HONOLULU — Incoming Gov. Josh Green delivered a message of unity at his inauguration on Monday, where he was sworn in before a crowd of thousands that included a delegation of Kaua‘i legislators.
“Hawai‘i is one ohana — one family,” said Green in his first speech in the executive role. “When we come together, we can meet any challenge, and accomplish anything we set our minds to. We can set an example for the whole world on the issues of housing, homelessness, poverty, and climate change if we truly come together and commit to putting our values of ‘ohana and aloha into practice — and make them a reality for everyone in Hawai‘i.”
Green, a Democrat who hails from Pittsburgh, Pennsylvania, is a former doctor, state legislator, and lieutenant governor under outgoing Gov. David Ige. Fellow democrat Ige served two terms marked by a series of crises, including the COVID-19 pandemic.
Green cruised to victory in November with 62.2 percent of the vote, compared with Republican challenger Duke Aiona’s 36.3 percent.
Though still the preferred choice, Green was less popular on Kaua‘i — where he took home 57.4 percent to Aiona’s 39 percent.
The Kaua‘i delegation included Mayor Derek Kawakami, newly reelected Kaua‘i County Council Chair Mel Rapozo, Vice Chair KipuKai Kuali‘i, and council members Felicia Cowden and Bernard Carvalho.
“Monday was a new beginning for our state,” said Kawakami in a statement on Monday. “Gov. Green and Lt. Gov. Sylvia Luke will hit the ground running and I’m excited to see what the state and counties can accomplish together in the way of affordable housing, early childhood education, climate change, and other priorities for the people of Hawai‘i.”
Green expressed his intention to expand to neighbor islands the kauhale project he helped spearhead as lieutenant governor — where small villages of tiny homes are used to house the homeless. He said he would release $50 million in grants-in-aid to make the projects a reality.
In addition, he said his administration would focus on leading the way on climate change, addressing health care disparities, and eliminating regressive taxes on food and medicine.
“We dealt with the worst pandemic in a century better than anyone else, but we’re still witnessing an epidemic of poverty and injustice in our own backyard,” said Green.
Hawai‘i currently taxes the sale of food and nonprescription drugs, the burden of which tends to fall disproportionately on the poor. Eight states and the District of Columbia currently exempt food and medicine from sales taxes, and five do not have a sales tax at all.
Incoming Lt. Governor Sylvia Luke delivered a speech that was half comedy routine, making a series of playful remarks directed at her former colleagues in the state Legislature. Luke, the first person of Korean ancestry to be elected to statewide office, previously served as chairperson of the House Finance Committee.

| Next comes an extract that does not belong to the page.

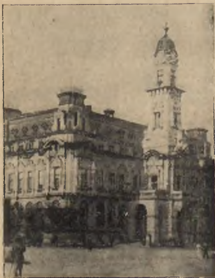
NOWY SĄCZ. Gmach Zarządu Miejskiego, budowla z roku 1895.

Schludne, nowoczesnie rozbudowane miasto o 32.000 mieszkańców, należące do województwa krakowskiego, oddalone 175 klm. od Krakowa przez Tarnów. Położone 299 m. n. p. m., w obszernej kotlinie zewsząd otoczonej górami, jest ważnym ośrodkiem ruchu turystycznego. Posiada dwa dworce kolejowe: przystanek tuż pod rynkiem dla podróżnych od strony Chabówki, i dworzec główny, oddalony o 2 klm. od centrum miasta, dla podróżnych na linii kolejowej Kraków — Nowy Sącz — Krynica. Dworzec główny ozdobiony w przedsiönku krajobrazami górskimi pędzla E. Cieczkiewicza. Nowy Sącz jest siedzibą: Starostwa powiatowego, Sądu okręgowego, Urzędu

Referencing a bipartisan prison reform effort she spearheaded, she also touted the importance of working together to get things done.
“Leave your titles at the door,” said Luke. “Leave your partisanship at the door. It is for us to work together and get things done for the community.”
She said she would focus on expanding internet access and implementing universal child care.
Senate President Ron Kouchi (District 8 – Kaua‘i and Ni‘ihau) thanked the outgoing governor for his eight years of leadership.
“As we look forward to this period of Huliau or new beginnings, I look forward to working with Governor Josh Green, Lieutenant Governor Sylvia Luke, and their new administration,” said Kouchi in a statement. “With many challenges facing the state, it is my hope that our three branches of government can work collaboratively towards a common goal of improving the quality of life for the people of Hawai‘i.”